It takes skill and psychological insight, but it can be done. You've just got to remember that an assassin is never quite normal. Even when a socio-political motivation is the governing passion of his life you're one jump ahead of him the instant you've figured out exactly how his mind works.
In fact, one of those safety precautions could have been protecting me as I crossed the square, if I hadn't let my stubborn pride stand in the way. Why hadn't I asked Trilling to provide me with armed protection?
Two alert bodyguards, trailing me on the street and down into the Underground and standing watch outside my apartment all night long—and staying fifty paces behind me until the Mars' rocket zero-count ended and the big sky ship took off with a roar ... would have given the Board the kind of reassurance they had a right to expect.
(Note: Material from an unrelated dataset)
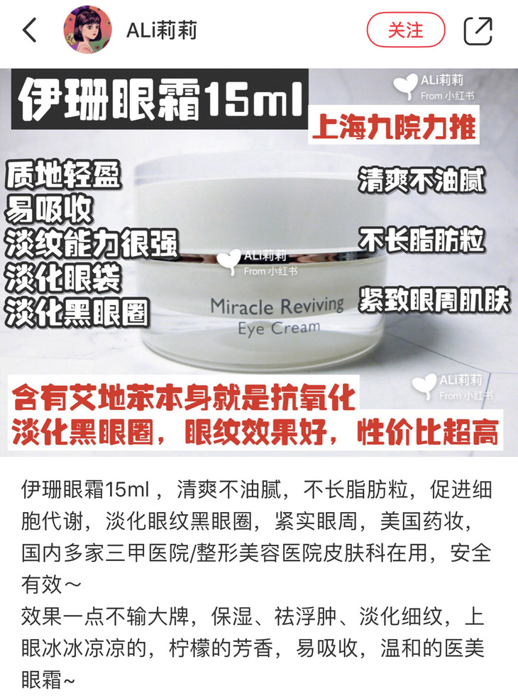 伊珊这款眼霜中也添加了Q10面霜里的核心成分,有着抗yang化功能的艾地苯,能结合细胞凝水因子,让眼周肌肤水润有弹性。而这款眼霜中另一个成分——低分子粘多糖肝脂有着强大的cu进钿胞更新的功效,能够dan化黑眼圈,减退浮仲。

I started to turn back, then changed my mind abruptly. I'd taken just as great a risk by walking from the lakeside to the skyport right after the attack, hadn't I? And I'd be in the Underground in another three or four minutes, with people around me and—
All right. It was an out-of-focus rationalization and nothing more—an attempt to find an excuse for not turning back. But when I do something reckless for complicated reasons, when I've forged ahead despite my better judgment, I'm usually just impulsive enough to carry the folly-ball all the way across the goal line.
It was the thing I'd have to guard most against on Mars, that damnable twisted pride and impulsiveness, that taking of too much for granted when I started to do something I knew was unwise, but had an overpowering urge to carry out anyway.
Every weaving shadow beneath the double row of trees that towered on both sides of me could have cloaked a crouching figure adjusting another small mechanical killer to the deadliest possible angle of flight. But I had another reason for not wanting to go back. Trilling might fall in with the armed guard idea but I doubted it like hell. I could picture him saying instead: "Ralph, even an armed car can be blown up. You're staying under lock and key all night ... right here in the Administration Building."
I could even picture him saying much the same thing to Joan, her image bright enough on his office tele-screen to be visible from where I'd be standing: "He's not coming home tonight, Joan. We're sending an armored car to pick you up in the morning. Wait, hold on—I'll let you talk to him!"
And I could almost hear her replying: "Don't bother to send the car. I'm not going with him. Please don't think too harshly of me, please try to understand. I just can't—"
I started down the long boulevard on the far side of the square, still walking rapidly and feeling suddenly confident I'd been justified in not turning back. I could see the entrance to the Underground glimmering in the darkness a hundred feet ahead of me and there were people all around me walking in both directions. I wasn't even troubled by the feeling that everyone gets at times—that something terrible and unexpected can happen right in the midst of a crowd, if only because the presence of many people exposes you to a dangerously wide range of unpredictable human emotions.